◆ **DATA SUPPLIED**:
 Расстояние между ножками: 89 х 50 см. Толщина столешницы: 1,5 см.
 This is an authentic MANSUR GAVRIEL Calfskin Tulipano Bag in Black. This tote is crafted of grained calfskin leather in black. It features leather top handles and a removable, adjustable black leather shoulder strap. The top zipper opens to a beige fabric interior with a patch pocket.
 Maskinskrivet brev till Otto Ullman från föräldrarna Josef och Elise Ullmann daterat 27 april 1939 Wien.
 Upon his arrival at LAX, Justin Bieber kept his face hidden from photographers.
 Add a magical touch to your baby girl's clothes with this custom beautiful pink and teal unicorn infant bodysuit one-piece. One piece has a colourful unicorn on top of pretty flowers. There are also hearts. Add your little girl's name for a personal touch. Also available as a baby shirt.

---

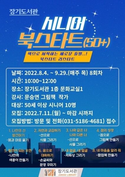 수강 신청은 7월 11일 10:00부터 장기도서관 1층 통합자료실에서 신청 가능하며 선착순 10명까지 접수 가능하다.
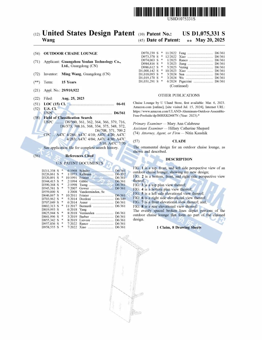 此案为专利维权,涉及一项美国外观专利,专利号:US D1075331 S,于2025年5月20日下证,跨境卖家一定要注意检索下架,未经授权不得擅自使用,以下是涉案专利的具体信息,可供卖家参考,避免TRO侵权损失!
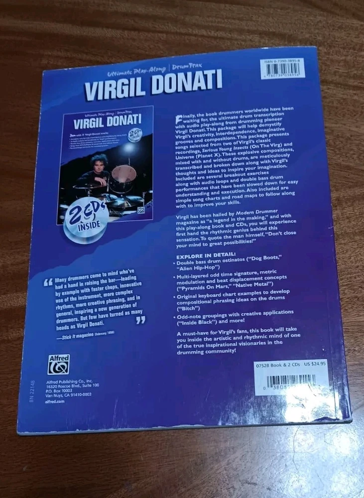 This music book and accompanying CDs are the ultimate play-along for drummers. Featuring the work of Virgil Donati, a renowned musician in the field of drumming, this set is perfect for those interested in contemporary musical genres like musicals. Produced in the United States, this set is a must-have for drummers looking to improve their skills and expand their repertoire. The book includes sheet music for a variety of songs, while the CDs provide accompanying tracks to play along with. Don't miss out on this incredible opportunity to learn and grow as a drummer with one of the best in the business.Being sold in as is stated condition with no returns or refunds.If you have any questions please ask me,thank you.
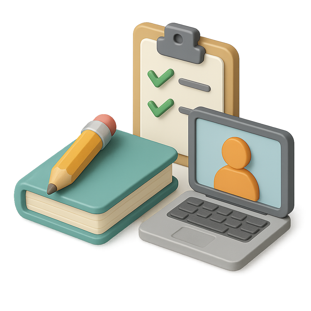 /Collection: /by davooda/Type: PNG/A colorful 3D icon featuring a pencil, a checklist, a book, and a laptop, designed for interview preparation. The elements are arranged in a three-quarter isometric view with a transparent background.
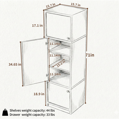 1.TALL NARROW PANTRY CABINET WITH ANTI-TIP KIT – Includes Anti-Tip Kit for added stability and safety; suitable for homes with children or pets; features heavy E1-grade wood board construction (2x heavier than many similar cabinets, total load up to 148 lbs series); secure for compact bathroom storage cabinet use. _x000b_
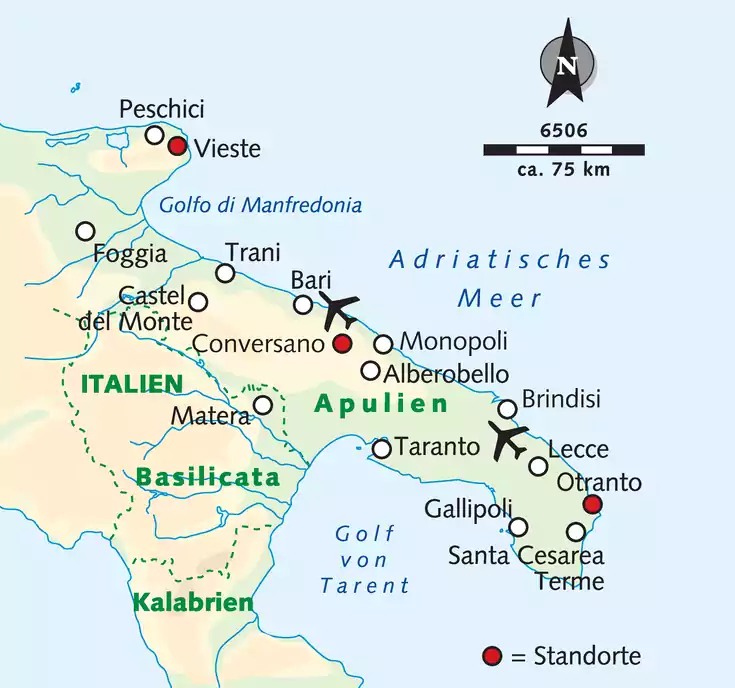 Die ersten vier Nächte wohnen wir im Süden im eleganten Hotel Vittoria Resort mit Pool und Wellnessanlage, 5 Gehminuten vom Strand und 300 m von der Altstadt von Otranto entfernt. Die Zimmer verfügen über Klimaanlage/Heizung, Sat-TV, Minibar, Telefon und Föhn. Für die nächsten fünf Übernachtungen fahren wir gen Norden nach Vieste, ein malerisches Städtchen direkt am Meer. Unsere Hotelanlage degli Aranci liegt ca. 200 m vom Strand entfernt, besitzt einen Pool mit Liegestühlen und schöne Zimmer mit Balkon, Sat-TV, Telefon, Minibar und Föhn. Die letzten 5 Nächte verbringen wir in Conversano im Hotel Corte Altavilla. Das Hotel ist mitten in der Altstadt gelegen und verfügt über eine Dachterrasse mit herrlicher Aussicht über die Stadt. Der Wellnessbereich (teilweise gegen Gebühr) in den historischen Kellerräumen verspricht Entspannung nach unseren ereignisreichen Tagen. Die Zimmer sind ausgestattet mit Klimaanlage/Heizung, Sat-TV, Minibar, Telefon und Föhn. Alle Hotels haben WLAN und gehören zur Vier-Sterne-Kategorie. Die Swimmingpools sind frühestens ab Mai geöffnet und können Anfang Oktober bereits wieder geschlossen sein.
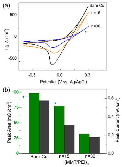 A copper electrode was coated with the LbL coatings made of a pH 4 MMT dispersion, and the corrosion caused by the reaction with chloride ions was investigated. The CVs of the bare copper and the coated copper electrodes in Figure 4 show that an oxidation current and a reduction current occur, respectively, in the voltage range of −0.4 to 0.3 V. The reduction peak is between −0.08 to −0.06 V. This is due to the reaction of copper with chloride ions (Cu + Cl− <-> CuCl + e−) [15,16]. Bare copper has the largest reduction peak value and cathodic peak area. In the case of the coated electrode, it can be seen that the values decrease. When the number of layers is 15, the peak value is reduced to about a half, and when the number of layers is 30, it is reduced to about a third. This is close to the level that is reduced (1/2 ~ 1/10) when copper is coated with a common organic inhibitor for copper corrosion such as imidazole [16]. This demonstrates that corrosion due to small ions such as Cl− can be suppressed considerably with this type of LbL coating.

---

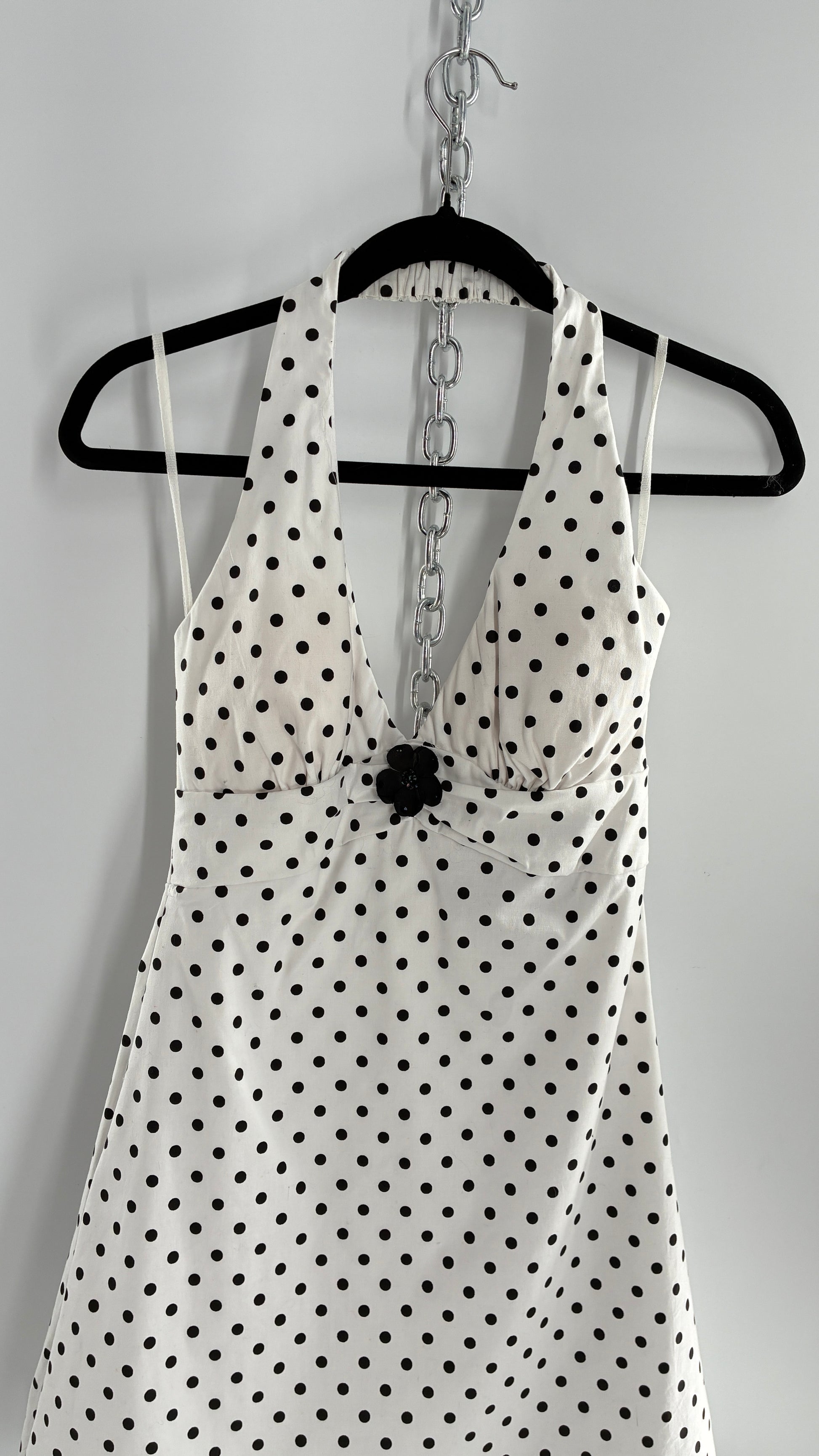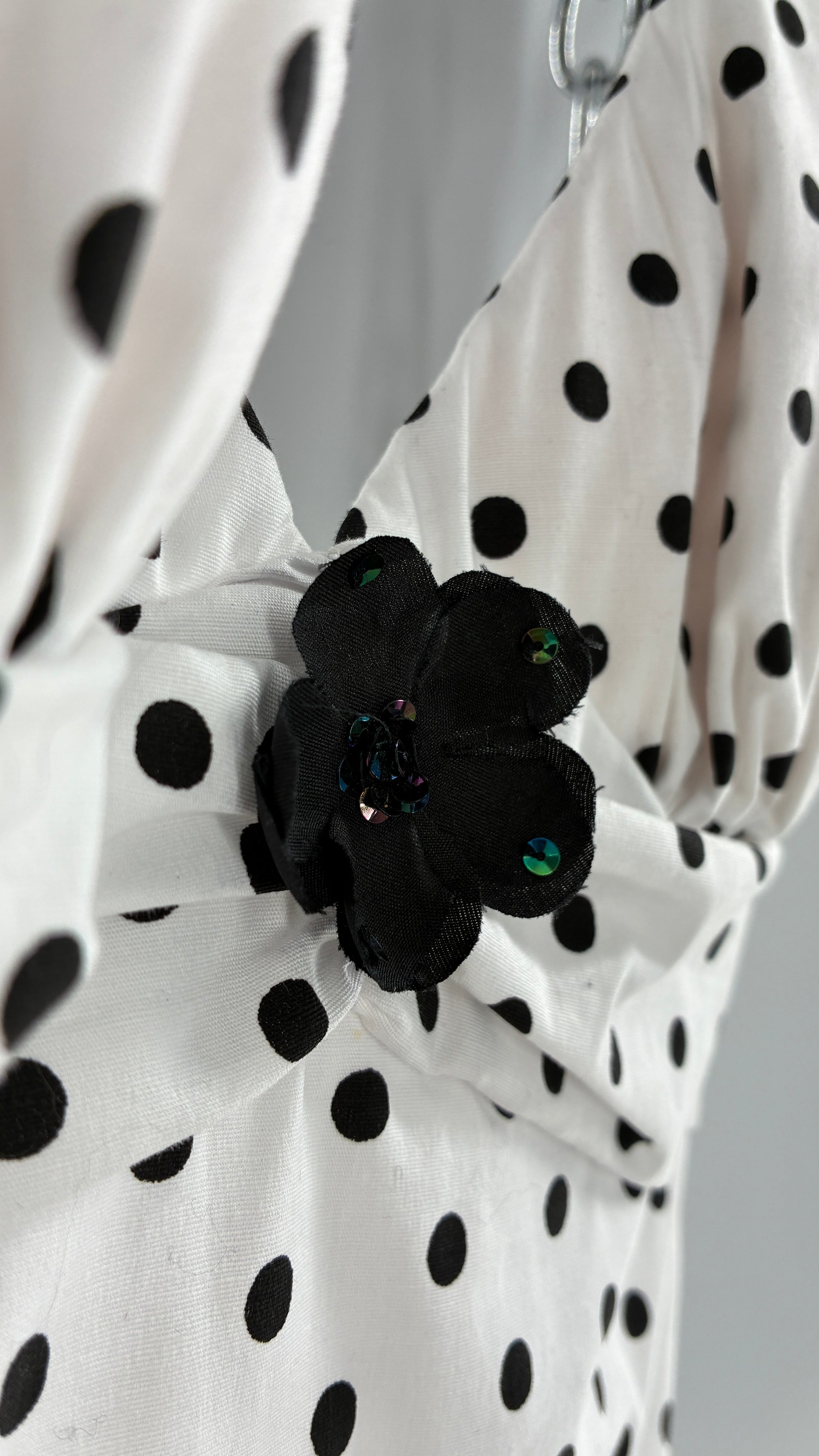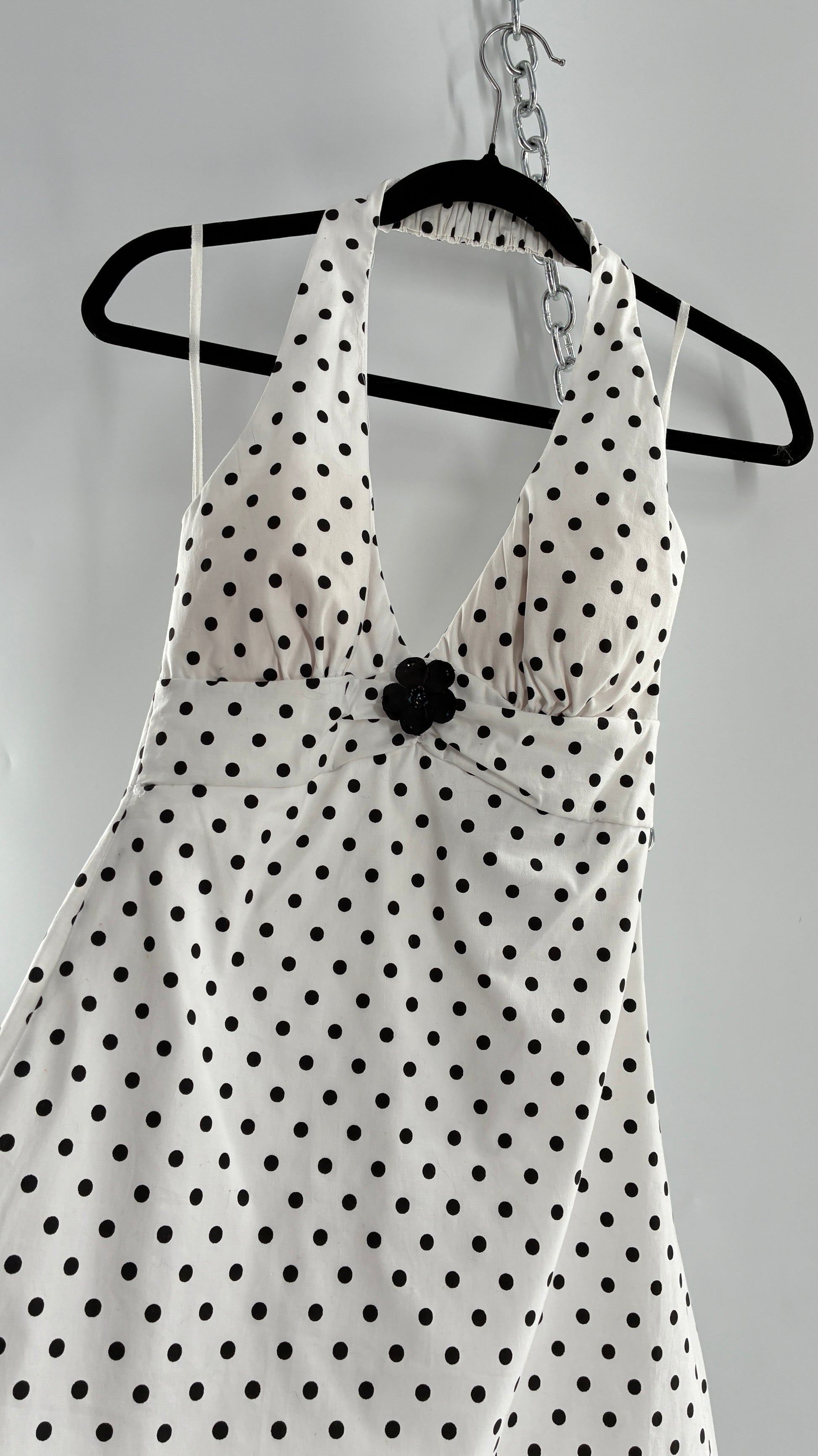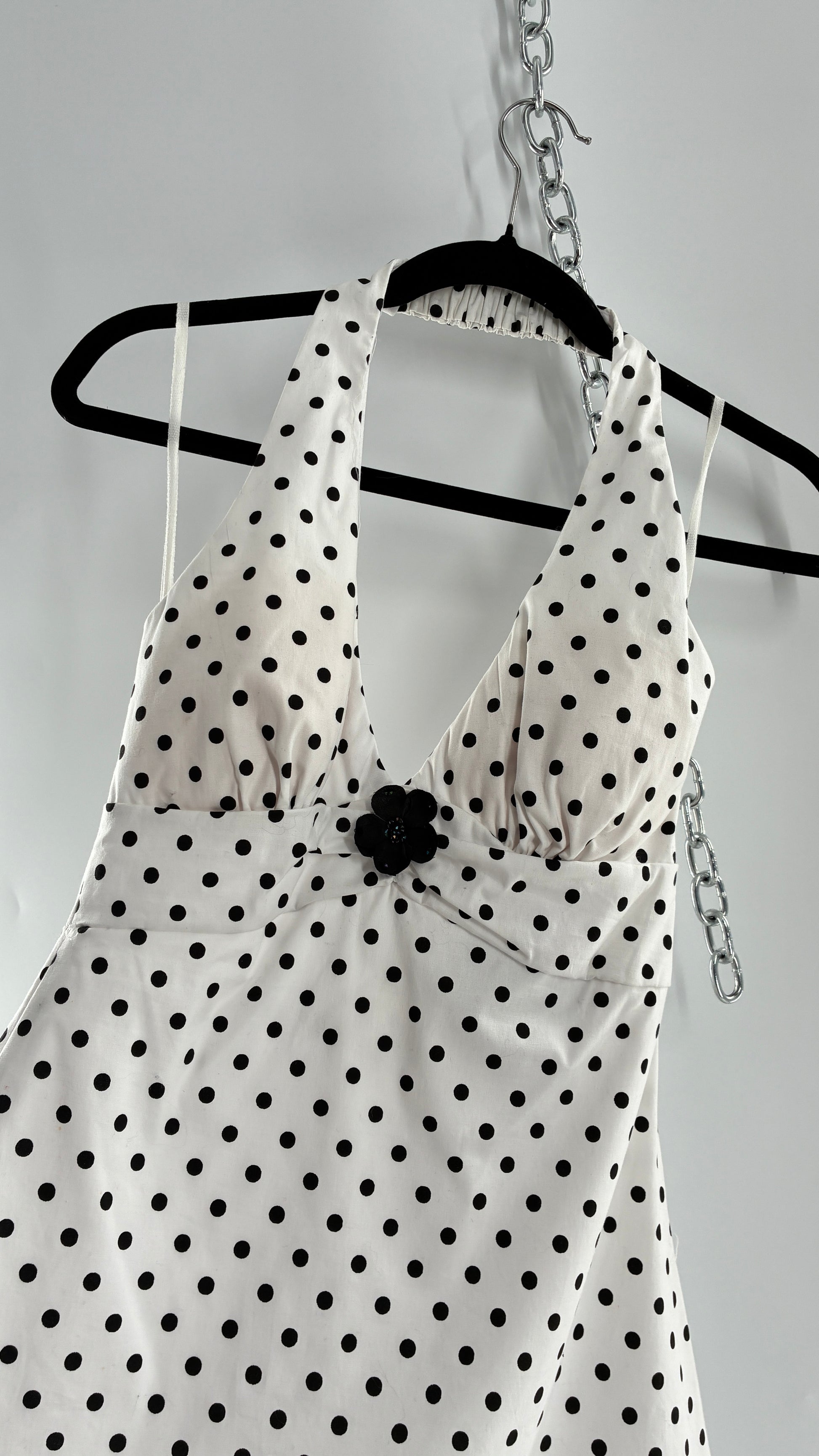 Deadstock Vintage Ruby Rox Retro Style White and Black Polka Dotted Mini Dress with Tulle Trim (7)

◆ **WHAT YOU WILL DO**:
Copy out only the lines above from the one with "Расстояние между ножками: 89" to the one with "Maskinskrivet brev till", inclusive, exactly as they stand.

◆ **ANSWER TO THIS TASK**:
 Расстояние между ножками: 89 х 50 см. Толщина столешницы: 1,5 см.
 This is an authentic MANSUR GAVRIEL Calfskin Tulipano Bag in Black. This tote is crafted of grained calfskin leather in black. It features leather top handles and a removable, adjustable black leather shoulder strap. The top zipper opens to a beige fabric interior with a patch pocket.
 Maskinskrivet brev till Otto Ullman från föräldrarna Josef och Elise Ullmann daterat 27 april 1939 Wien.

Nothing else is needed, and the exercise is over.